Many other genetic changes have been pressed into service against that unpleasant illness. The parasite uses a certain red-cell enzyme to fuel its machinery. Hundreds of millions of people bear a defective version, but in return gain a defence. A certain form of the parasite cannot get into cells that lack a particular attachment site. Almost all West Africans have this variant. Elsewhere, a change in the shape of the red cell baffles the agent of infection, while the high salt and iron levels in African blood also fend it off. Dozens of sections of the DNA are implicated in the fight against malaria and many, no doubt, remain to be discovered. Large or small, each has been picked up by the selection, which, just as in the evolution of pale skins in Europe and Asia, has cobbled together a response step by step.

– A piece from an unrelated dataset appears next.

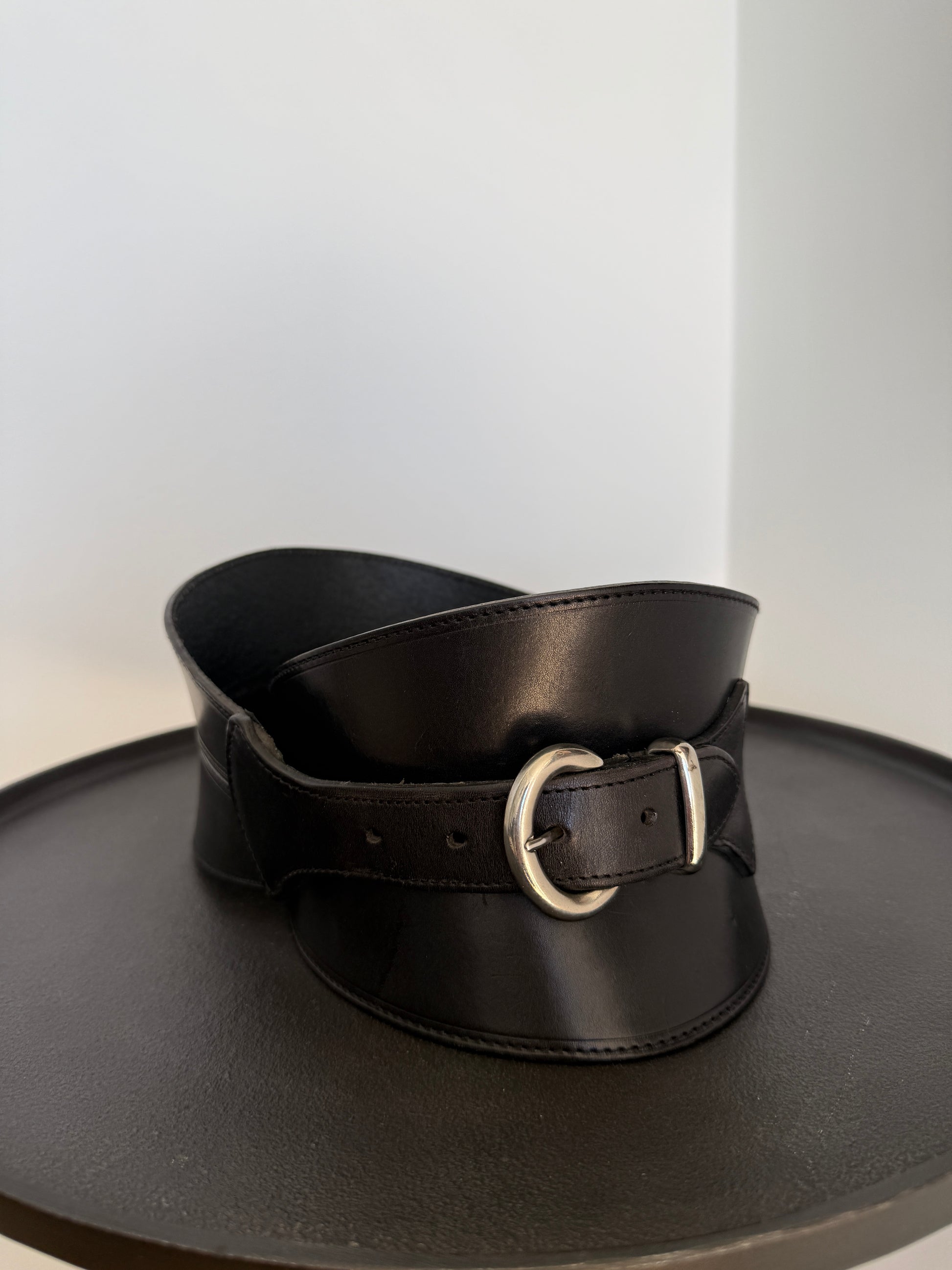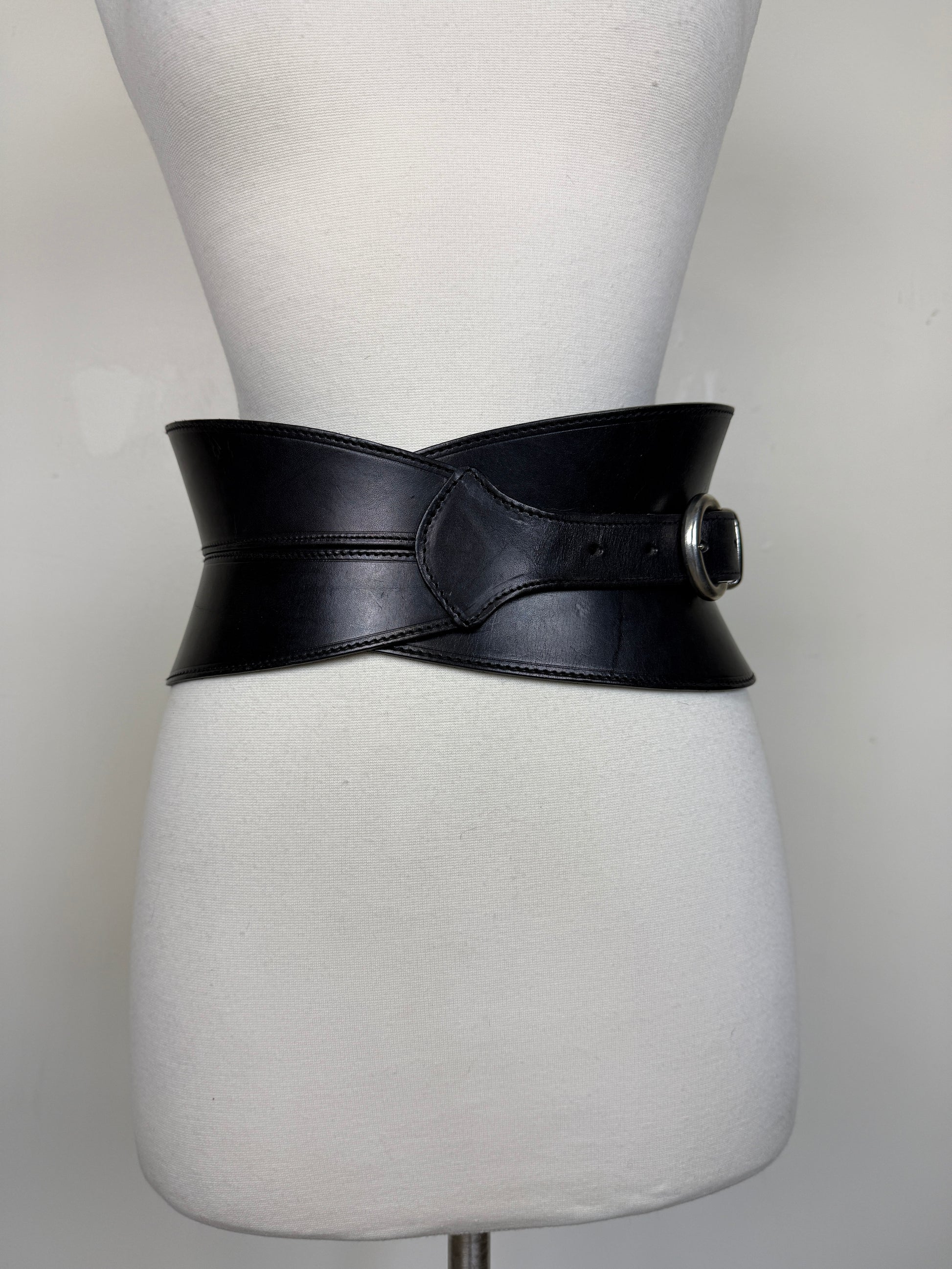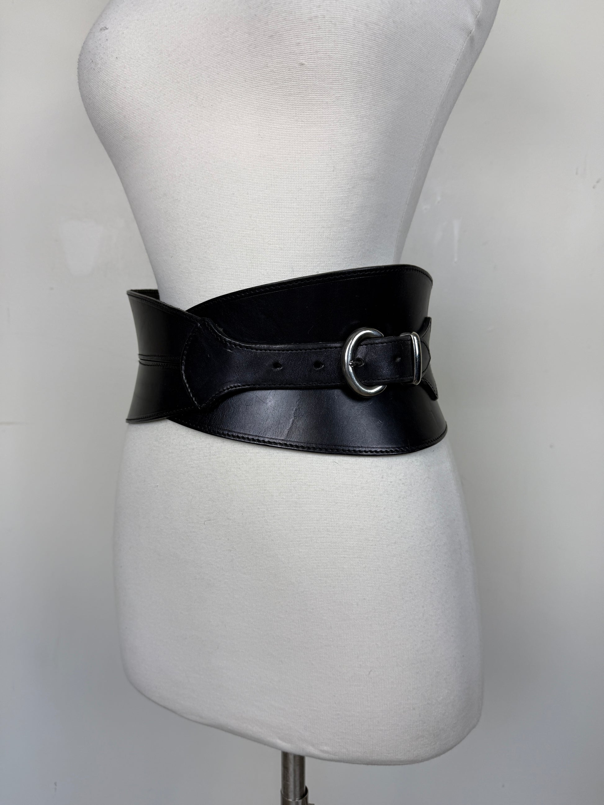 A sculptural vintage black leather corset belt designed to instantly define the waist with a bold, structured silhouette. Crafted in smooth, high-shine leather, it features a dramatic curved shape that hugs the body, a silver-tone buckle detail at the front, and an elasticated back for a comfortable, flexible fit. The clean lines and strong proportions make it the perfect statement piece to elevate everything from oversized blazers to fluid dresses—effortless, powerful, and undeniably chic.

Natural selection is always poised to deal with enemies as they arise. Wherever it works, it leaves evidence, often indirect, that it has passed by. Some changes in DNA alter the structure of proteins while others do not. The ratio between the two is a crude test of its actions, for useful sections of the genome are more likely to accumulate change under the influence of selection than are the non-functional parts. On that criterion, our lineage has experienced rather less of its attentions than has that of the chimpanzee.
Another clue to the action of Darwin’s agent comes from the blocks of genetic variants packed close to each other along each chromosome. As a favoured gene - a new anti-malaria mutation, perhaps, or a change in skin colour - is picked up and becomes more common, it will drag along sections of DNA on either side. The stronger and more recent the selection, the longer the segment that accompanies it. In Africa, both the gene for black skin colour and that for sickle-cell sit in the middle of great sections of double helix that vary scarcely at all from person to person. That pattern hints that in each case the new mutation was seized upon at once and spread fast.
In time such uniform blocks of DNA are broken up by the random reshuffling of genes that takes place when sperm and egg are formed, but the process can take a long time. A length of DNA that is identical from person to person within the generally diverse genome is hence evidence that selection is, or has been, at work. The human and chimp genomes each have thousands of such segments. One gene in sixty among the chimps bears that Darwinian mark but only half as many in humans, as proof that we have coped with new challenges in a manner that our close relative cannot. Man’s ability to modify the environment to suit his needs has weakened the hammer blows of nature. Anti-malaria drugs now do what could be achieved only by expensive mutations. Thousands of years ago, our skin responded fast to a shift in climate, with a genetic change; but most people, black or white, now protect themselves against the sun in quite a different way, with clothes.